When the fiancé finally comes up with the answer: “I don’t know.. because they’re afraid of death?” her face lights up and in recognition of the eureka moment she cries: “That’s it!” 

Many of the clients I have worked with over the years before COVID time who had broken their monogamous agreements had in fact experienced some traumatic loss(es) in their childhood or in their early adulthood. The losses include: a parent’s early death to cancer, a best friend killed in a car crash, a college roommate’s suicide or the death of a relative who repeatedly sexual abused the client when they were a child.

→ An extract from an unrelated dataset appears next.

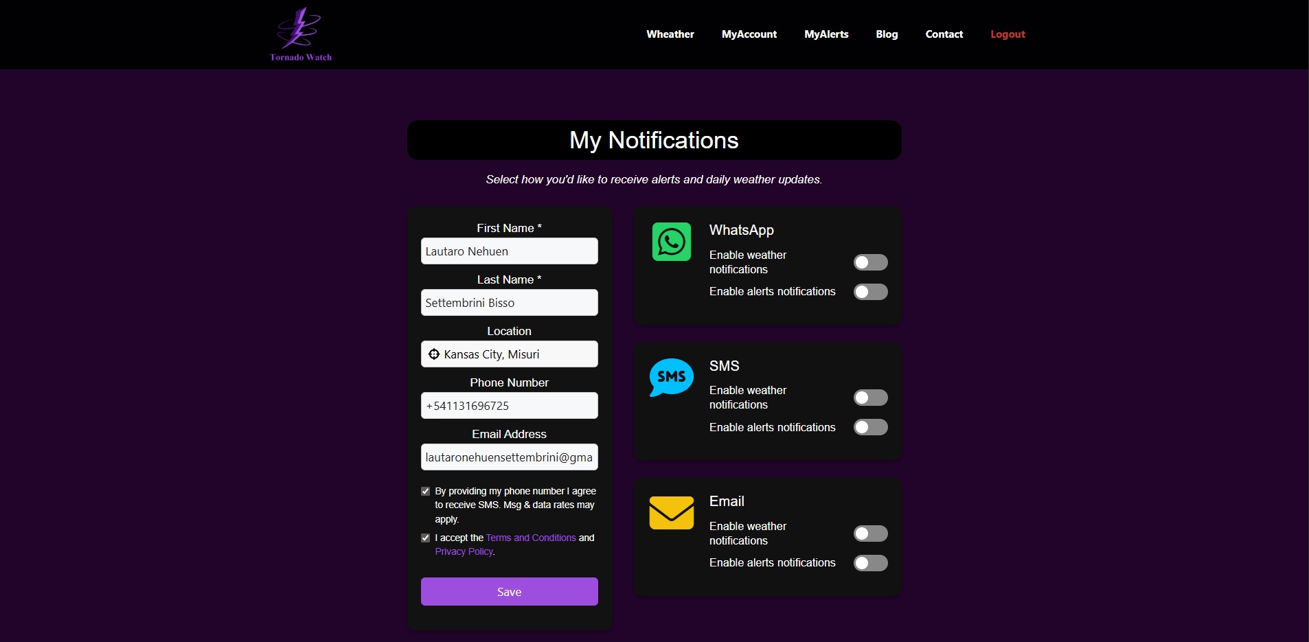 Automated US tornado + severe-weather alert platform with notifications + subscription-ready. Fully built + launch-ready.

While I don’t excuse a person’s breaking their sexual exclusivity agreement with their partner/spouse, I view the death anxiety a potential flight response to the recognition of how quickly a life can be taken. 

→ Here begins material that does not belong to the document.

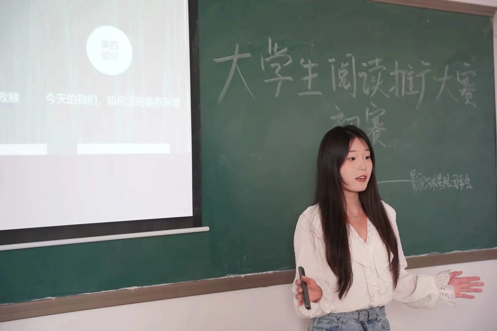 为深入贯彻国家“全民阅读”战略,4月9日下午,由影视艺术学院团委会主办的“大学生阅读推广大赛”初赛,在一号综合楼1414教室顺利举行。本次活动以“书香致远,思辨启新”为主题,希望通过学生们的阅读分享,带动更多人爱上读书,激发校园阅读热情。

In the Kinsey study mentioned above, researchers found that “participants who made new additions were significantly more likely than those who did not to report that their sex life had improved since the pandemic began.” I encourage couples to continue to schedule and show up for erotic dates which allows for anticipation, novelty, and creativity to grow their sensual lives long after we all shed our COVID boundaries. By consciously using the term erotic I’m not dictating which of the myriad sexual behaviors in which humans partake. Rather, I’m inviting an embodied, present based state of being in which all one’s senses are involved in creating, enveloping and connecting through sensual play. 

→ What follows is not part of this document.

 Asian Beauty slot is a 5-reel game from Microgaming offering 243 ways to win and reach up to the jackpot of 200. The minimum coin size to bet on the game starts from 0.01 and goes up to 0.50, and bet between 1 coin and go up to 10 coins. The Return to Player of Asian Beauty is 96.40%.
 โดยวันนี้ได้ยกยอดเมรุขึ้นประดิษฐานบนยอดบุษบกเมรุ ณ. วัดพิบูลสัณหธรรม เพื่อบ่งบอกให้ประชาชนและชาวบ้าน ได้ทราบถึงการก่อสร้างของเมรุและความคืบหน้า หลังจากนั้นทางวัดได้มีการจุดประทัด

Work/Life/Environmental Wellness

For other couples, the need to cook meals reminded partners how much their goals of eating healthy food, supporting local growers, maintaining regular exercise and sleep regimens optimized their moods and mission to align with body-mind wellness. For those partners who had the privilege of leisure time, it was also a way partners and families could connect more intimately in a fun activity (think about all the bread-baking pics featured on social media).  I think this lesson of holistic health has been felt by many people who are requesting a hybrid work-life to enable them to continue the wellness routines which make them feel more alive and balanced each day. According to a Harvard Business School survey 81% of respondents said they didn’t want to return to full time in-person work or wanted some sort of hybrid schedule.  Couples have tasted a new way of living that gives them more time with one another and their families and the new post-COVID normal is going to need to reflect these needs. 

While in quarantine, some couples returned or reignited an interest in spiritual or religious worship through virtual services. Despite the Pew Research Center’s surveys reporting rates of religious affiliation decreasing steadily in the past several years, some clients found they were longing for more comfort and meaning during this anxiety-provoking time. The connection to something larger than one’s own personal needs and belief in a larger purpose has been shown to come out of natural disasters or wartime. Online services by churches, mosques, synagogues and Buddhist communities helped to keep people psychologically grounded to deeper spiritual and existential beliefs. 

I invite you to reflect on what rituals, habits and priorities you want to bring into more conscious practice in your post-COVID life.